**Provided information:**

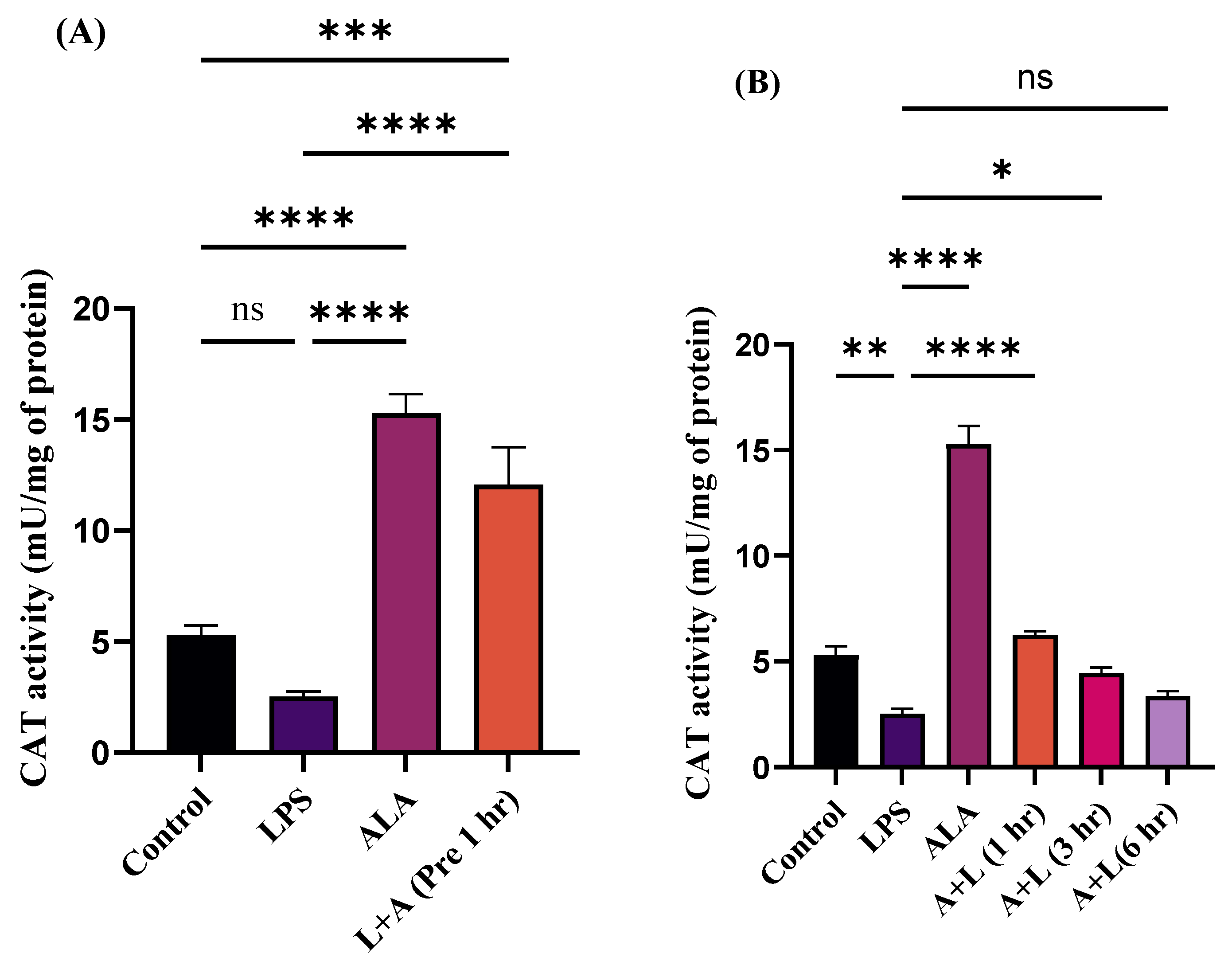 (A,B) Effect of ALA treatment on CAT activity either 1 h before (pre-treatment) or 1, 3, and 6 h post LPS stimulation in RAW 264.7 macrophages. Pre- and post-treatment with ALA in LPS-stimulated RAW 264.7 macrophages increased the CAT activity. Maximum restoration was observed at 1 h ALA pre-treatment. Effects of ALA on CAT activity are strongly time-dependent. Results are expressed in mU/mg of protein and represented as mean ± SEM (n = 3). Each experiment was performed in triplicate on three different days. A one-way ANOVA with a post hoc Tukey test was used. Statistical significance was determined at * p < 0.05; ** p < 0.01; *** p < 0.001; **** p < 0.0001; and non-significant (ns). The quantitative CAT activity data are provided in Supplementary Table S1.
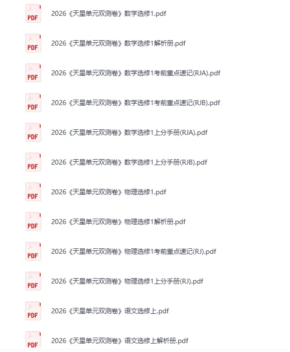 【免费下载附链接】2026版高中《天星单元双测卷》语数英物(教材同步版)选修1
...
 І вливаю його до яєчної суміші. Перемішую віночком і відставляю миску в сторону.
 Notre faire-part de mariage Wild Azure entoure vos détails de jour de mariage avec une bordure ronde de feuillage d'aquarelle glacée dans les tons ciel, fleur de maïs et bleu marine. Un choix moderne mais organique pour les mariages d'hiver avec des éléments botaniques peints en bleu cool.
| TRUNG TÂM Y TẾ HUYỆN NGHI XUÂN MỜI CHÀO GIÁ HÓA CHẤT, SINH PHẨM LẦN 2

**Problem details:**
Give back, exactly as written, the stretch from the line with "І вливаю його" through the line with "SINH PHẨM LẦN 2", and no other lines from the records above.

**Answer area:**
 І вливаю його до яєчної суміші. Перемішую віночком і відставляю миску в сторону.
 Notre faire-part de mariage Wild Azure entoure vos détails de jour de mariage avec une bordure ronde de feuillage d'aquarelle glacée dans les tons ciel, fleur de maïs et bleu marine. Un choix moderne mais organique pour les mariages d'hiver avec des éléments botaniques peints en bleu cool.
| TRUNG TÂM Y TẾ HUYỆN NGHI XUÂN MỜI CHÀO GIÁ HÓA CHẤT, SINH PHẨM LẦN 2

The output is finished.